Il governo Monti, dunque, rispetta i tempi annunciati per il varo del pacchetto svuota-carceri che contiene alcune novità  anche sul processo civile (converrà  di più ricorrere alla procedura di conciliazione), sulla razionalizzazione degli uffici dei giudici di pace (ne potrebbero sparire 500), sulle procedure che interessano le famiglie e le piccole imprese sovra indebitate.
Sul carcere il ministro Severino ha ottenuto il ricorso al decreto legge. Un provvedimento d’urgenza per arginare il fenomeno delle «porte girevoli» che determinano ogni anno 21 mila presenze limiate ai 3 giorni di permanenza in cella. Si tratta per lo più «dei soliti noti» — pizzicati per reati di non particolare gravità  per i quali è previsto l’arresto obbligatorio — che d’ora in poi resteranno nelle camere di sicurezza delle questure e della caserme dell’Arma (sono 706 quelle agibili) a patto, però, che il giudizio direttissimo venga svolto entro le 48 ore dall’arresto e non più entro 96 ore. «L’arrestato dovrà  essere, di norma, custodito dalle forze di polizia salvo che ciò non sia possibile per mancanza di adeguate strutture o per altri motivi quali lo stato di salute dell’arrestato o la sua pericolosità ». In questo modo, ogni anno, non entrerebbero più in carcere molte migliaia di persone.

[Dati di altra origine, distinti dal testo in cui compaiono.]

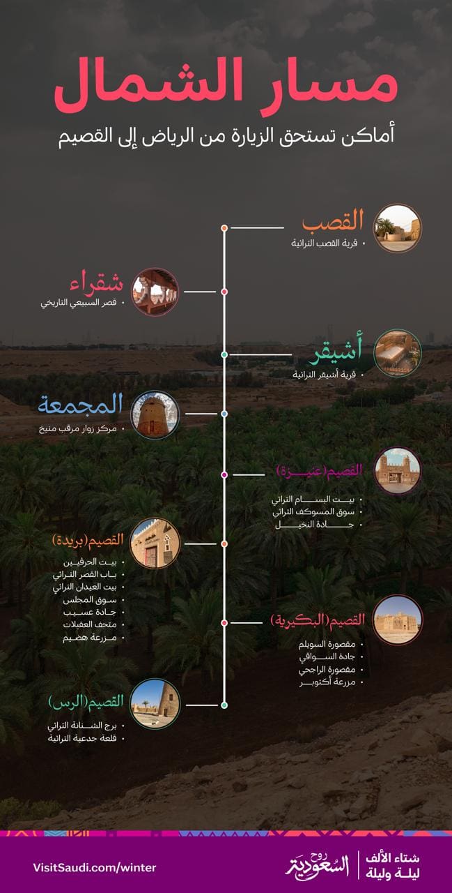 ويتضمن مسار الشمال عدداً من المواقع والمعالم الطبيعية والتاريخية والتراثية والترفيهية، بداية من قرية القصب التراثية التي تبعد 150 كيلومتراً عن مدينة الرياض، ثم على مسافة 35 كيلومتراً يأتي قصر السبيعي التاريخي في شقراء، ثم قرية أشيقر التراثية على بعد ما يقارب 20 كيلومتراً، ثم مرقب منيخ في المجمعة والذي يبعد عن أشيقر قرابة 70 كيلومتراً.

Ma l’uso delle camere di sicurezza consente il contatto ravvicinato tra il «detenuto» e gli agenti che hanno operato l’arresto. Tant’è che l’ex ministro della Giustizia Francesco Nitto Palma — cui si deve l’istruttoria sul pacchetto ora varato dalla Severino — aveva proposto che ai soggetti non pericolosi fossero concessi i domiciliari anche in attesa del rito direttissimo. Il decreto prevede poi che vadano ai domiciliari i detenuti con pena residua di 18 mesi (e non più di 12 mesi come stabilito dal precedente governo). L’effetto è di 3.300 detenuti in uscita nel 2012 ma, osserva Antigone, molto dipende dai magistrati di sorveglianza che impiegano anche 140-180 giorni per decidere.
Con un disegno di legge, invece, si prevede la sospensione del procedimento per gli irreperibili, la messa in prova anche per gli adulti (pena massima 4 anni e impiego in lavori di utilità  sociale) e la depenalizzazione dei reati che prevedono la sola pena pecuniaria. 

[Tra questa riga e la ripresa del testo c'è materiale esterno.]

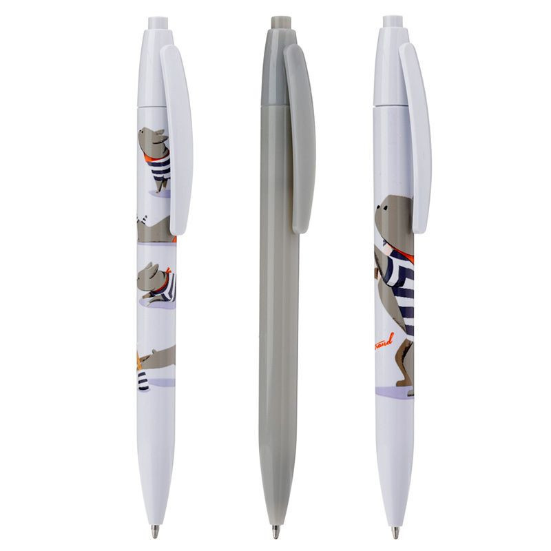 3 stylos à bille - Noir - Pointe fine - Scolaire - Enfant - Chien rigolo - Plastique recyclé

Alla Severino, infine, si deve una piccola rivoluzione: l’inserimento nel codice penale, tra le pene principali decise senza automatismi dal giudice, della reclusione presso la propria abitazione per le condanne fino a 4 anni. Verrà  varata infine la carta dei diritti e dei doveri dei detenuti stampata in più lingue. E tutto questo arriva alla vigilia della visita in carcere del Santo Padre che domani celebrerà  la messa a Rebibbia.